Profit from bank bailouts–so far. The profits come from banks that have paid back the government, and recall that some banks were forced to take bailout funds in the first place. We will see what happens to the full sample.

Suppose in the end that the government makes a profit of $50 billion on banks, but loses $100 billion on Freddie and Fannie. How should we count that? I would be inclined to count it as a loss on bank bailouts, because the subsidies to Freddie and Fannie end up bailout banks, which were creditors of those institutions.

David Warsh on the origins of money. I think of money as originating as a way of paying soldiers. This raises for me the question of how conquerors funded large armies before the invention of money, which Warsh says took place around 600 BC. The problem is this: you are an emperor who wants to go marauding. You want your soldiers to remain loyal for months, during which you may not win much loot.
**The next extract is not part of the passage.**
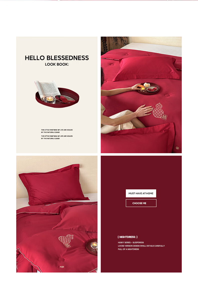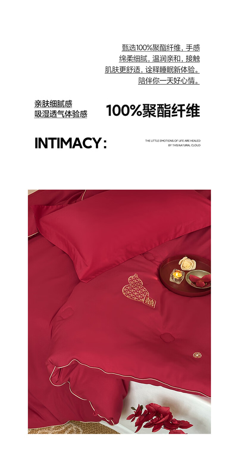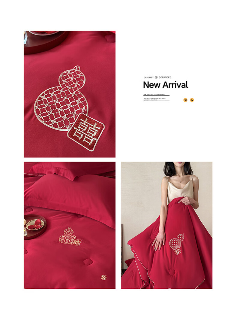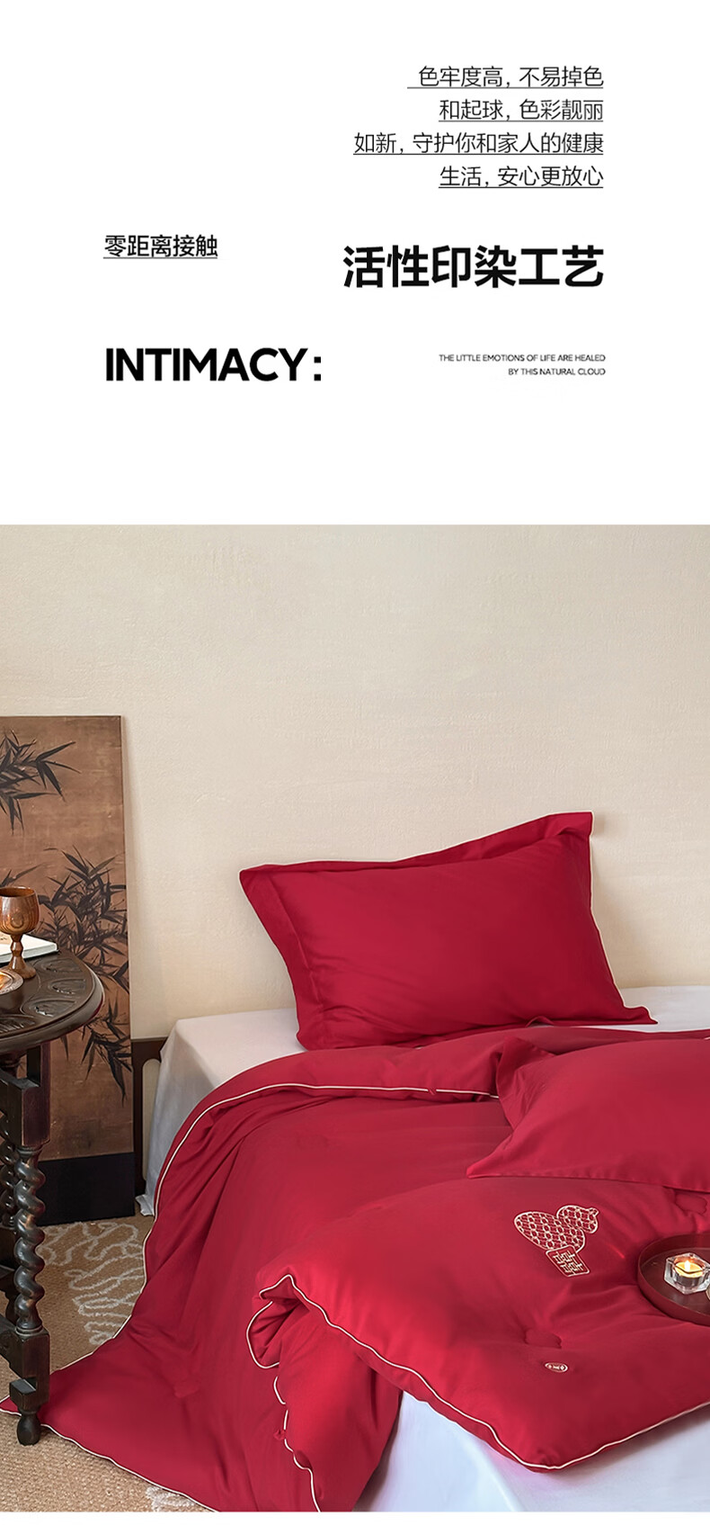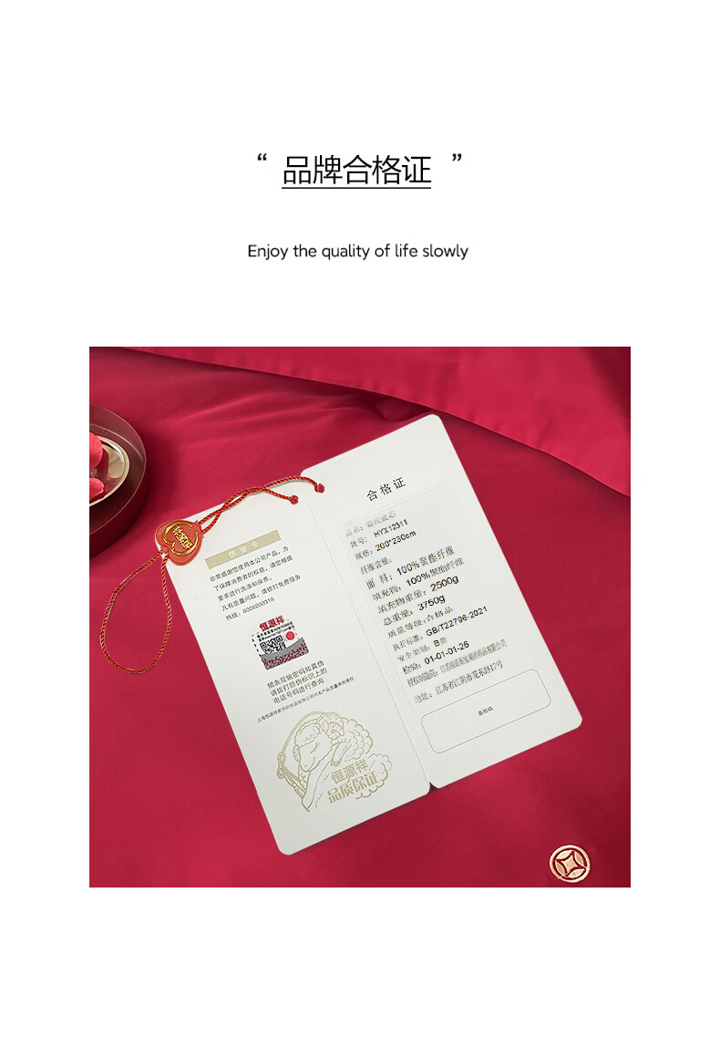 恒源祥 婚庆被芯 亲肤刺绣结婚被子柔软垂顺新婚陪嫁喜被双人四季通用 福禄连理-玫瑰红 200*230cm 总重5斤

How do you provide credible promises to the soldiers that they will get a fair share of loot?

Lee Ohanion claiming that Herbert Hoover encouraged wage stickiness, making the Depression worse. Lots of adverse reaction to Ohanion, for example here.

Without rendering my own opinion on Ohanion’s work, I find it interesting that the New Deal narrative is defended so ferociously. I fear that the same thing will happen with the current episode. The mainstream narrative is that it was caused by bankers acting without sufficient adult supervision, and that Paulson and Bernanke saved us from having a much worse fire. My narrative would be that it was caused at least in part by the adult supervisors encouraging too much housing and too much leverage. Moreover, I think that the size of the recession was determined primarily by the size of the adjustment needed in home construction (down from 2 million units at an annual rate to 0.5 million units at an annual rate) needed to correct the imbalance. That is, the magnitude of the recession had little or nothing to do with the travails of the bankers.

In any case, the narrative may be the most important long-term effect of the crisis. If the mainstream narrative holds, we will have much more government intervention and much less economic liberty for generations to come. If alternative narratives compete successfully, we will have more liberty and less intervention.